Warsaw has long been described as “Washington’s favorite ally” in Europe, but usually in the tone one uses for a helpful, if slightly over-eager, younger cousin. However, when Karol Nawrocki, Poland’s president, took the stage at the CPAC conference in Dallas on March 28th, the undisputed crown jewel of the American conservative calendar, the message was no longer one of a supplicant. Clad in the quiet confidence of a man whose country spends nearly 5% of its GDP on defense—the highest ratio in NATO—President Nawrocki presented Poland not as a buffer zone, but rather as a regional pivot.
The choice of venue was anything but accidental. Dallas, the heart of Texas, the ultimate “red state” bastion, and the city where the liberal dream of JFK (John F. Kennedy) was tragically cut short, served as a potent backdrop. Here, in a place that breathes American conservatism, Nawrocki’s rhetoric on “traditional values,” open borders, and the “risky” energy transition of the EU found its natural resonance. The optics were surgically precise. Before arriving at the conference, the President visited Lockheed Martin’s facility in nearby Fort Worth to sign his name on a freshly minted F-35 fighter jet. It was a symbolic gesture, yet the underlying arithmetic is stark. While Berlin and Paris still bicker over fiscal rules, Warsaw is busy writing checks. In 2026, Poland’s defense budget will reach nearly $50bn, transforming the country from a recipient of surplus gear into a cornerstone client for the American military-industrial complex.
Critics might argue that this performance was primarily a carefully scripted narrative designed to satisfy the conservative base of the Law and Justice (PiS) party and bolster Nawrocki’s own campaign. Yet, for the cynical investor, the ideological fire looks like a calculated hedge. By aligning himself so tightly with the American right, Nawrocki might be attempting to insulate Poland from any potential “America First” isolationism. It might be an effort to ensure that if the political winds in Washington shift further towards the right, Poland remains the only ally the U.S. cannot afford to ignore.

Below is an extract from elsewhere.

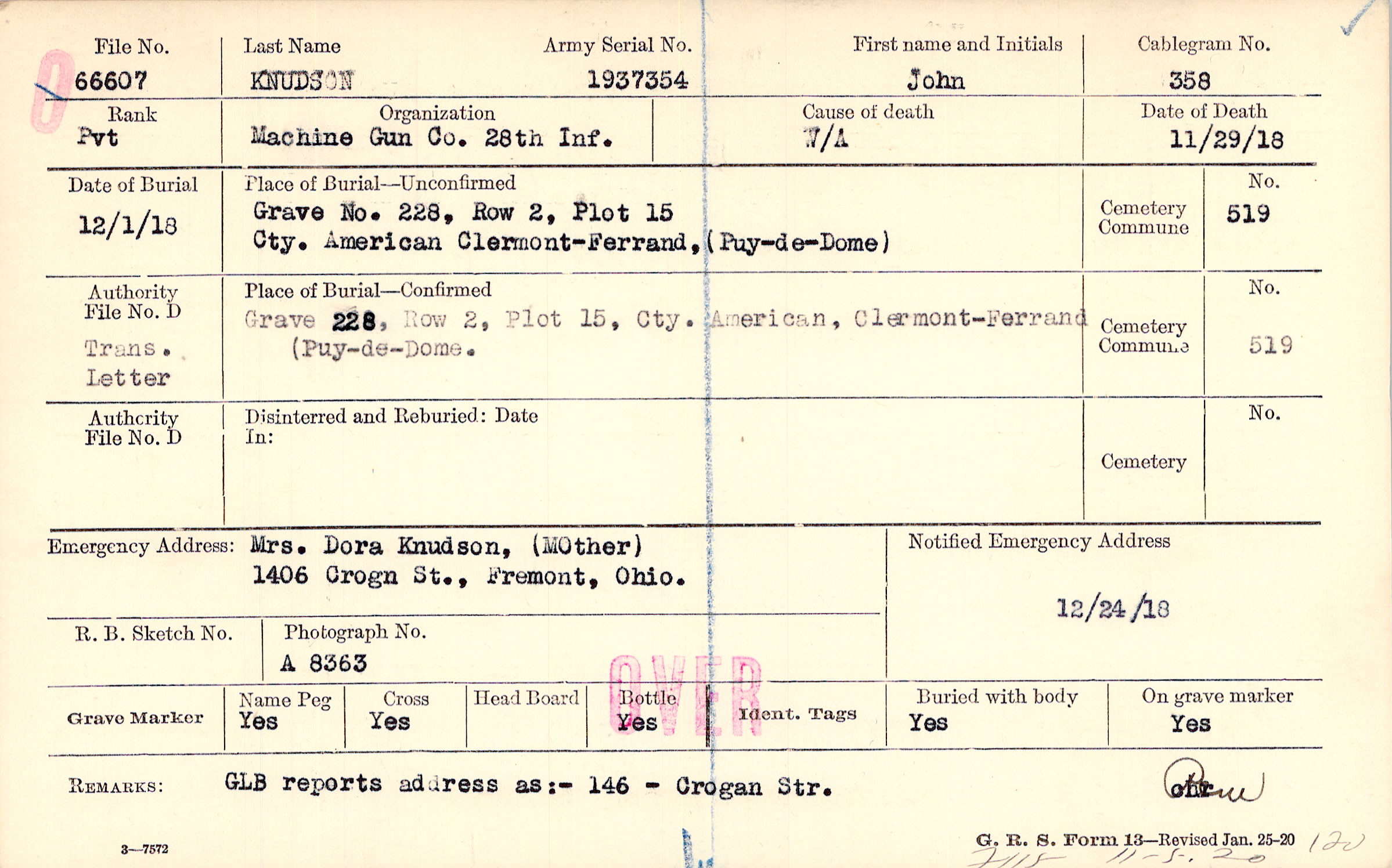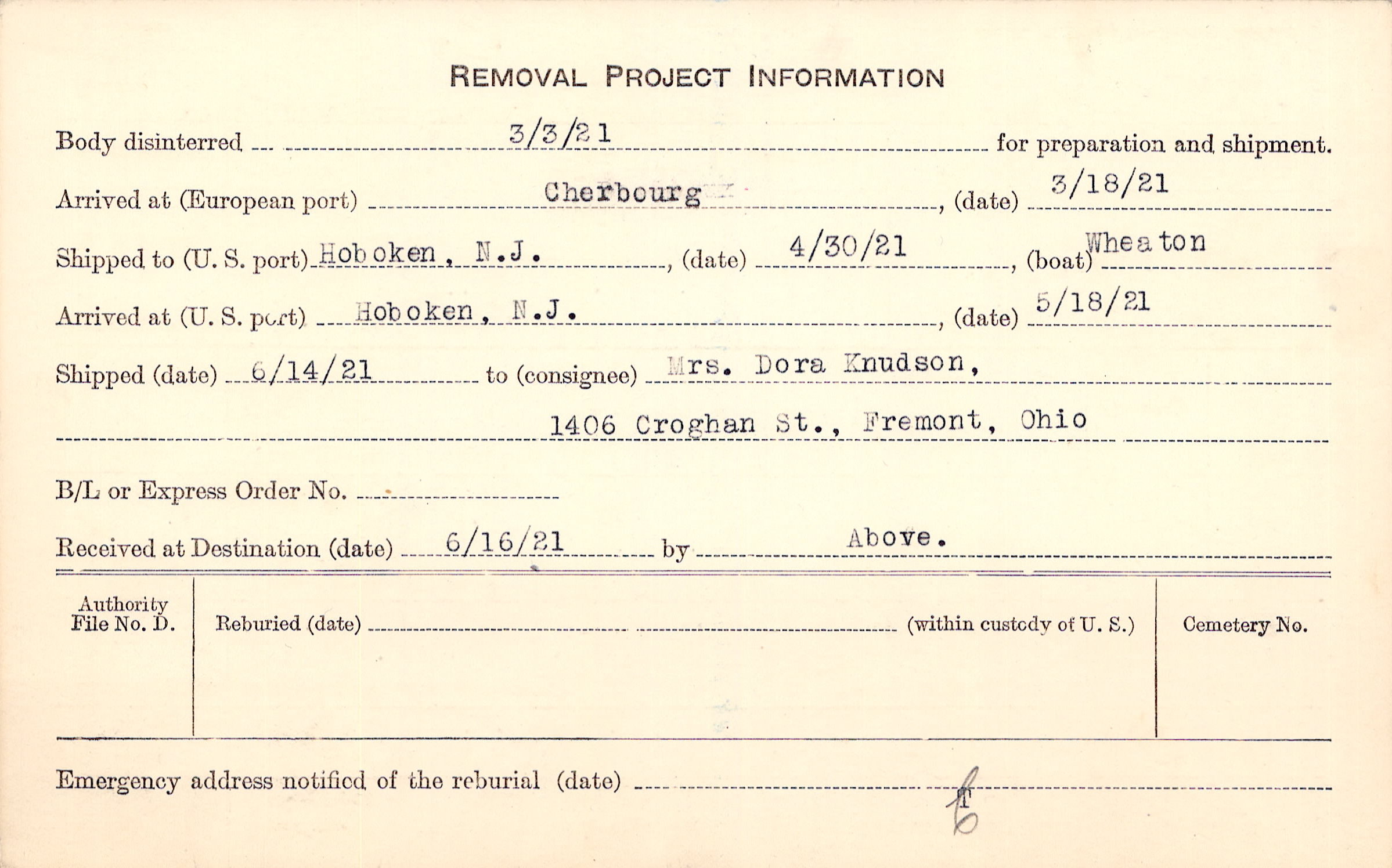 Mrs. Dora Knudson, (Mother), 1406 Crogn St., Fremont, Ohio.

Yet, this Texan gambit carries profound risks. A dismissive tone toward Brussels on energy and migration may please a crowd in Grapevine, Texas, but it risks further alienating Poland from its largest trading partner: the European Union. Poland’s economy remains a “high-beta” version of Germany’s; its prosperity is inextricably linked to the single market. If Warsaw bets its entire strategic future on a security pact with Washington while picking fights with Brussels, it may find that an F-35 is an expensive tool for fixing a broken relationship with its neighbors.
For now, the markets remain sanguine. The Polish zloty has held steady, buoyed by the “security premium” of being the West’s frontier fortress. But as Mr. Nawrocki flies back to Warsaw, the question remains: is this a genuine ideological crusade, a clever tactical play to “game” the Americans, or a dangerous blurring of party interests with state strategy? The bill for the F-35s is paid, but the political cost of the Dallas speech is still being calculated.